* **GIVEN DATA**:
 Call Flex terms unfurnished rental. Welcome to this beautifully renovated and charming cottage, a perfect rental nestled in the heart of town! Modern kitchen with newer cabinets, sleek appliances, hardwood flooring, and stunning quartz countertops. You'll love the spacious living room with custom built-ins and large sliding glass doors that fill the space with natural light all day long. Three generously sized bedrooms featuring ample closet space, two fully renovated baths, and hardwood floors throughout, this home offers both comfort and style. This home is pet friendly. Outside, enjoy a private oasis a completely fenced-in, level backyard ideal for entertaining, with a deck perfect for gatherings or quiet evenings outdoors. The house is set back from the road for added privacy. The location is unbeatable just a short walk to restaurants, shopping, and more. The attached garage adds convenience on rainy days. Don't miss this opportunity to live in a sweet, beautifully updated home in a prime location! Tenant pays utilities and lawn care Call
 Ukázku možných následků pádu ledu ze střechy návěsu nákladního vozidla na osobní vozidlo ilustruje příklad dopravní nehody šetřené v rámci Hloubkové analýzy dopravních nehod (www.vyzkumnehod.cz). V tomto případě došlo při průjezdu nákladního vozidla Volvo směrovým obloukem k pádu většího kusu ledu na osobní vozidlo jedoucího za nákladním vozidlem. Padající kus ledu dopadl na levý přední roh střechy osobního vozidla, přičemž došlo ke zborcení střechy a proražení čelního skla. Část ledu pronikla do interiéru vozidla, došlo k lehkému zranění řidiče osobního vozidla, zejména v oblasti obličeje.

--

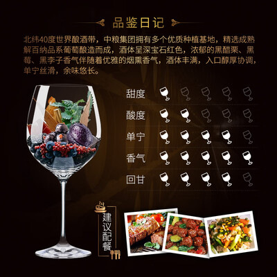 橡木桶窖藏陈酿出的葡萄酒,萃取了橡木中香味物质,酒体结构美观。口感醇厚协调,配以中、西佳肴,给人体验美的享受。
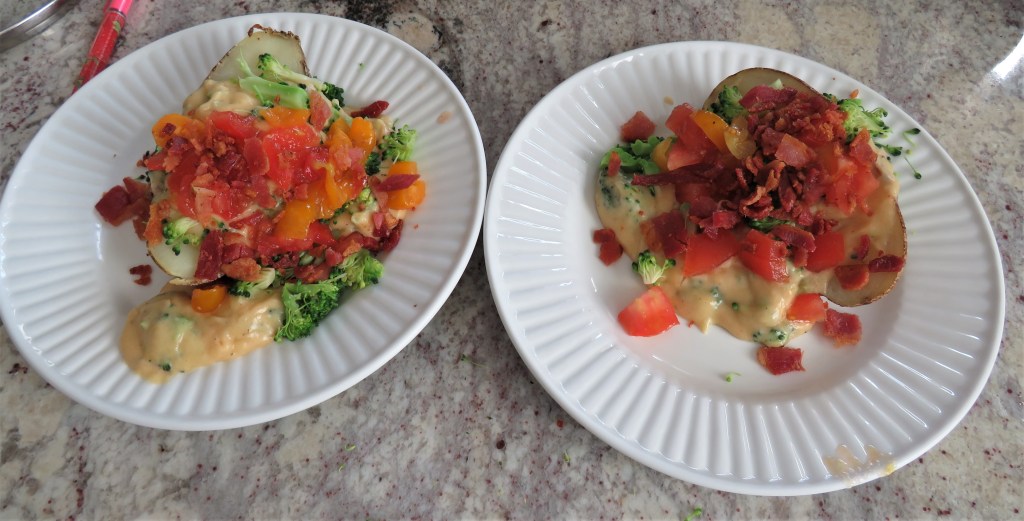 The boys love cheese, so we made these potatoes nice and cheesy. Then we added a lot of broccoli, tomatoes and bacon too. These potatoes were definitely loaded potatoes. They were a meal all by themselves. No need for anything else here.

...

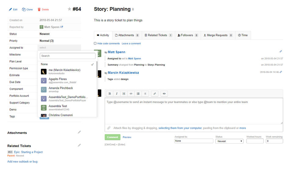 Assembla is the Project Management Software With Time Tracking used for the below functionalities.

* **TASK DETAILS**: In the listing above, find the line containing "橡木桶窖藏陈酿出的葡萄酒,萃" and the line containing "The boys love", then print exactly those two lines and every line between them, minus the pictures.

* **SOLVED PROBLEM**:
 橡木桶窖藏陈酿出的葡萄酒,萃取了橡木中香味物质,酒体结构美观。口感醇厚协调,配以中、西佳肴,给人体验美的享受。
 The boys love cheese, so we made these potatoes nice and cheesy. Then we added a lot of broccoli, tomatoes and bacon too. These potatoes were definitely loaded potatoes. They were a meal all by themselves. No need for anything else here.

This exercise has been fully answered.